There does seem to be some overcrowding as control participants report some work income more often than treated participants.

Code
```{python}
completed = df[df["survey_completed"] == 1].copy()
completed["nonzero_corrected"] = (completed["money_work_p_corrected"] > 0).astype(int)

pct_by_group = (
    completed.groupby(["period", "treated"])["nonzero_corrected"]
    .mean()
    .mul(100)
    .reset_index()
)
pct_by_group["group"] = pct_by_group["treated"].map({1: "Treated", 0: "Control"})

(
    ggplot(pct_by_group, aes(x="factor(period)", y="nonzero_corrected", group = "group", fill="group"))
    + geom_col(width=0.6, position="dodge")
    + scale_y_continuous(limits=(0, 50), labels=lambda l: [f"{v:.0f}%" for v in l])
    + labs(
        x="Survey Period",
        y="% Reporting Non-Zero Corrected Earnings",
    )
    + theme_minimal()
)
```

Code
```{python}
unfixed
```

Caveats

False Negatives

The current heuristic will not detect people who report work income that includes study income alongside other income. I am not too worried given the reporting pattern similarity compared to the control group and the overall low numbers who report income at all.
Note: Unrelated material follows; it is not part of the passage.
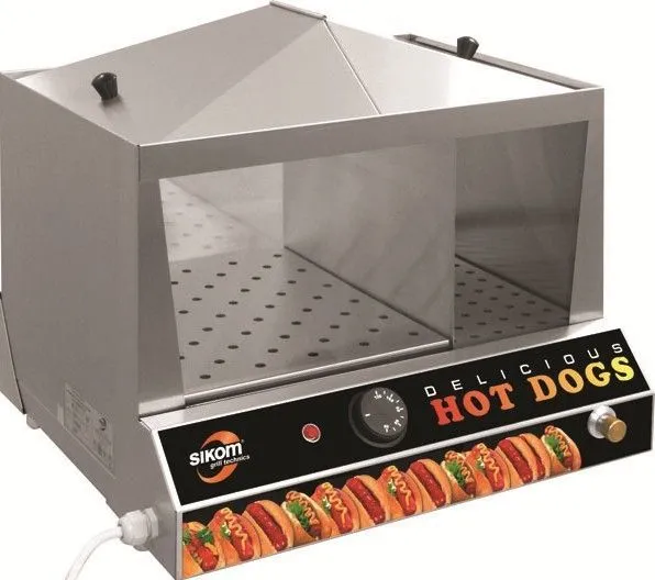 Корпус гриля для сосисок выполнен в виде герметичной ванны, которая продолжается высокими стенками, две из которых — стеклянные. В ванне расположен нагревательный элемент (ТЭН). Над ТЭНом, между двумя горизонтальными решетками, установлен поддон с поворотным шибером для контроля поступающего пара. Внутренний объем камеры поделен на две части: бункеры для закладки сосисок и булочек. Сверху гриль закрывается сдвоенной съемной крышкой, через которую кладутся продукты в отсеки. Органы управления и индикации расположены на боковой поверхности корпуса.

Below is a count of households where their reported work income is greater than their self-reported study income (an upper bound on missed double reporting).

Code
```{python}
# Need firststage panel for study income and original money_earn
# The flag file doesn't retain original money_earn_participant
# Use flag_same_income_self == 0 & treatment == 1 as proxy; 
# instead, load the pickup/study income data the .do file uses
# Approximate: rows where flag_same_income_self == 0 but flag_double_report == 0
# A direct upper-bound proxy: treated, not double-reported, work_engaged_p_corrected == 1
# but money_earn_p_corrected > 0 in periods 1-5 (no endline study income question)
partial = df[
    (df["treated"] == 1) &
    (df["flag_double_report"] == 0) &
    (df["money_earn_p_corrected"] > 0) &
    (df["period"].isin([1, 2, 3, 4, 5]))
]

partial_counts = partial["period"].value_counts().sort_index().reset_index()
partial_counts.columns = ["Period", "Freq."]
partial_counts["Period"] = partial_counts["Period"].astype(int)


partial_counts.style.hide(axis="index").set_caption(
    "Treated households with non-zero corrected income not flagged as double-reporters, periods 1–5"
)
```
Table 3: Treated households with non-zero corrected income not flagged as double-reporters, periods 1–5
Period Freq.
1 58
2 65
3 54
4 99
5 79

Endline Double Reporting

We do not ask people at endline to report income from the study — the question appears in the PDF version of the survey but was missed in the programming. However, we do remind people to avoid reporting study income as work income which did solve the problem in periods 4 and 5. There is no reason to assume that it would not have done so at endline as well. Only 23 treated participants report work income that is a multiple of 12 at endline, so double reporting is unlikely.